Siyaset Bilimci Dr. Ali Mert Taşcıer de konuşmasında, köy enstitülerinin dünü ve bugüne yansımalarını anlattı. Birgün gazetesi yayın koordinatörü Yaşar Aydın da, köy ağalarının, aşiret reislerinin istemediği bir model olan köy enstitülerinin bir karşı devrimle kapatıldığını dile getirdi.
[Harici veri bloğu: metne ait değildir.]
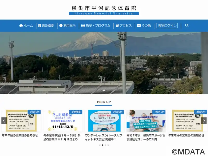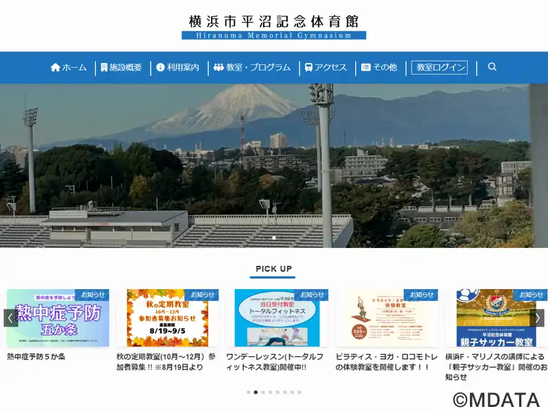 横浜市の三ツ沢公園前に1970年開館した、市民スポーツの父と呼ばれた平沼亮三氏の名を冠する体育館。通称:平体。体育室は、縦47.7m、横29.5mのフロアに、264席の観客席を備え、フットサルやハンドボール、バスケットボール、バレーボール、バドミントン、卓球など、さまざまなスポーツに利用されている。また、健康づくり教室等を行う会議室(スタジオ)、平沼亮三氏の業績を展示する資料室や展望室がある。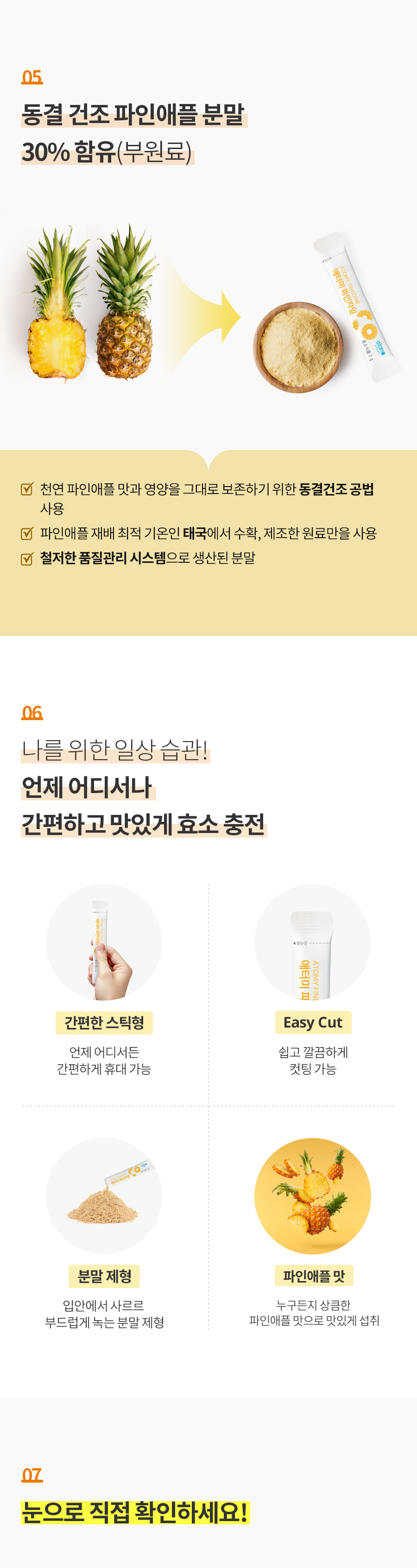 상큼한 파인애플 맛 효소로 가볍고 속편한 하루를 만들어가세요.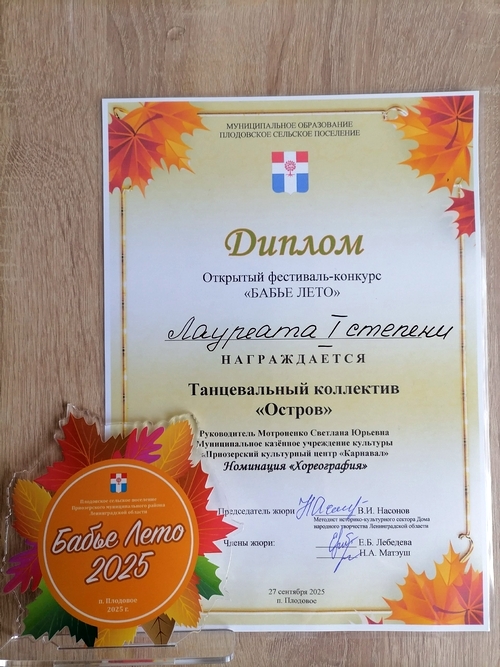 27 сентября в п. Плодовое прошёл открытый зональный фестиваль-конкурс "Бабье лето". Танцевальный коллектив "Остров" принял участие в конкурсе и был награжден Дипломом Лауреата I степени.
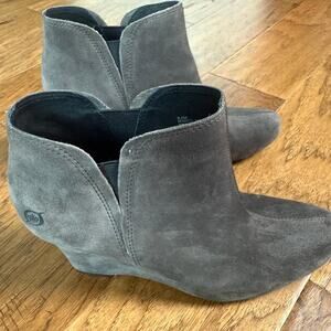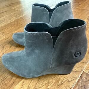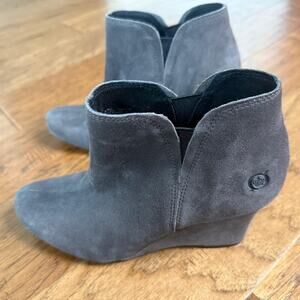 Born Taupe Suede Wedge Ankle Boots Women’s Sz 8.5M Slip-On Crown Logo Ankle Boot
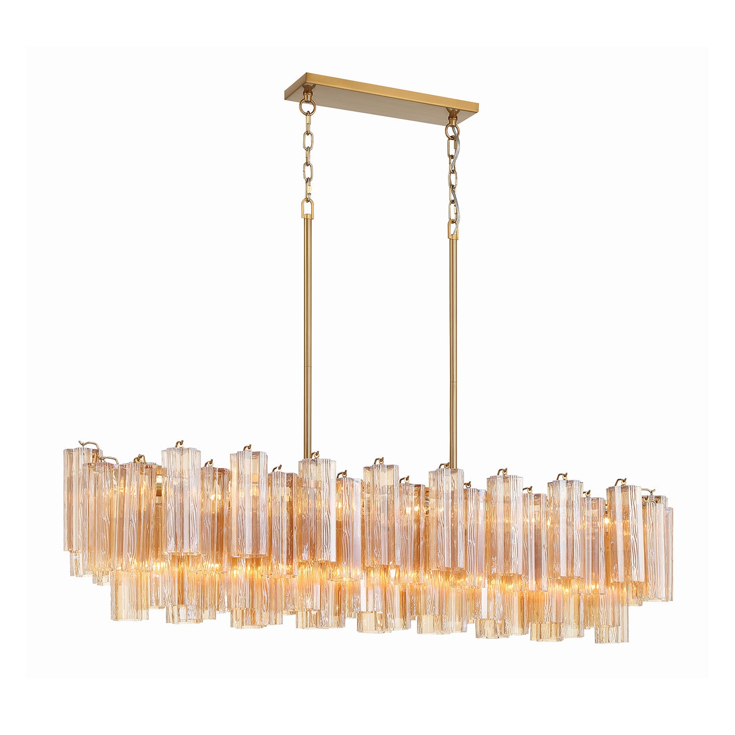 Grace Linear Chandelier 52", Brass with Topaz Glass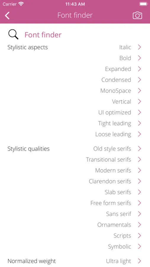 • Search font faces by traits, stylistic aspects and qualities.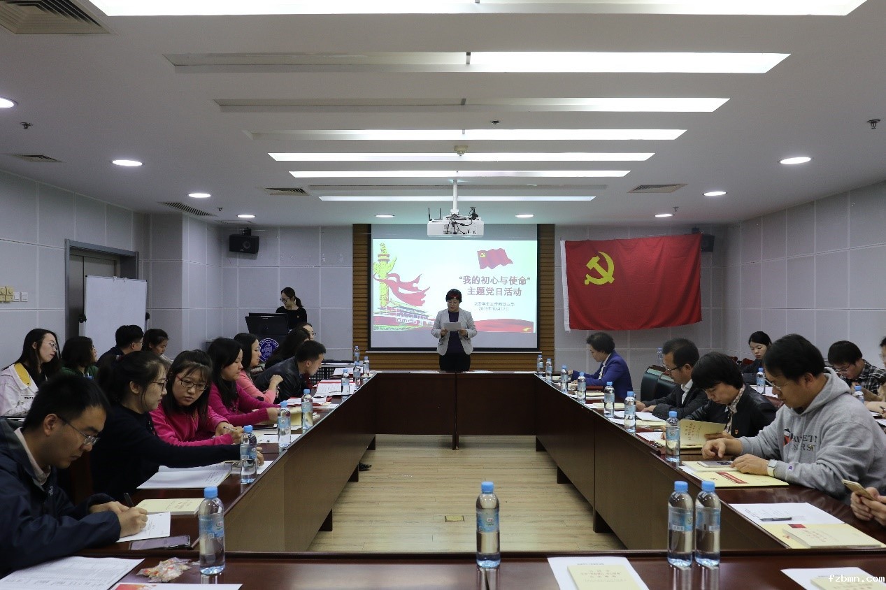 活动伊始,支部党员全体起立,奏唱《中华人民共和国国歌》。庄严的歌声过后,党支部书记吕晓慧同志首先介绍本次主题党日活动的背景和意义,并对“不忘初心、牢记使命”主题教育进行动员。习近平总书记在“不忘初心、牢记使命”主题教育工作会议上指出,为中国人民谋幸福,为中华民族谋复兴,是中国共产党人的初心和使命,也是激励一代代中国共产党人前赴后继、英勇奋斗的根本动力。吕晓慧强调我校是第二批主题教育参加单位,基层党支部要做实学习教育和检视整改,保障主题教育效果。最后,她对支部开展主题教育的工作计划和工作部署做出明确指示和要求。

ÖZGÜR DÜŞÜNEN BİREYLER YETİŞTİRİYORDU

Etkinliğin ikinci gününde ise Tarihçi-Yazar Sinan Meydan, “Kuruluşundan, kapatılışına Köy Enstitüleri” başlıklı söyleşisi ile tarihi gerçekleri bir kez daha gözler önüne serdi. Din eksenli sistemin siyasete ve seçimlere kurban edildiğini hatırlatan Sinan Meydan, “Köy Enstitüleri aklını kullanan, araştıran, sorgulayan, eleştiren, üreten, paylaşan, dayanışan yaratıcı, özgüvenli, kadın-erkek eşitliğine inanan, ırkçılığa, dinciliğe, mezhepçiliğe karşı, öz kültüründen beslenen, halkçı, özgür düşünen bireyler yetiştiriyordu” diye konuştu.

UZUN KUYRUKLAR OLUŞTU

Etkinliğin son gününde Toplum Bilimci, yazar ve Akademisyen Prof. Dr. Emre Kongar “Köy Enstitüleri’nin Toplumsal Yansımaları” adlı söyleşini izleyenlerle interaktif olarak sürdürdü. Prof.Dr. Kongar, insanın doğuşundan, ilkel topluluktan, tarım düzenine, avlanma ve reislik sistemine geçiş şeklinde kurguladığı anlatımını, köy enstitülerine, ağalık, aşiretlik ve din baskısına ve kapatılış nedenlerine vurgu yaptı. Toplum Bilimci, yazar ve Akademisyen Prof. Dr. Emre Kongar, söyleşinin sonunda, Ayvalık Belediye Başkanı Mesut Ergin ve eşi Canan Ergin’e kitaplarını imzaladı. Etkinliğe katılanlar, yazara kitaplarını imzalatmak için Vural Sineması Nejat Uygur Sahnesi’nde uzun kuyruk oluşturdular.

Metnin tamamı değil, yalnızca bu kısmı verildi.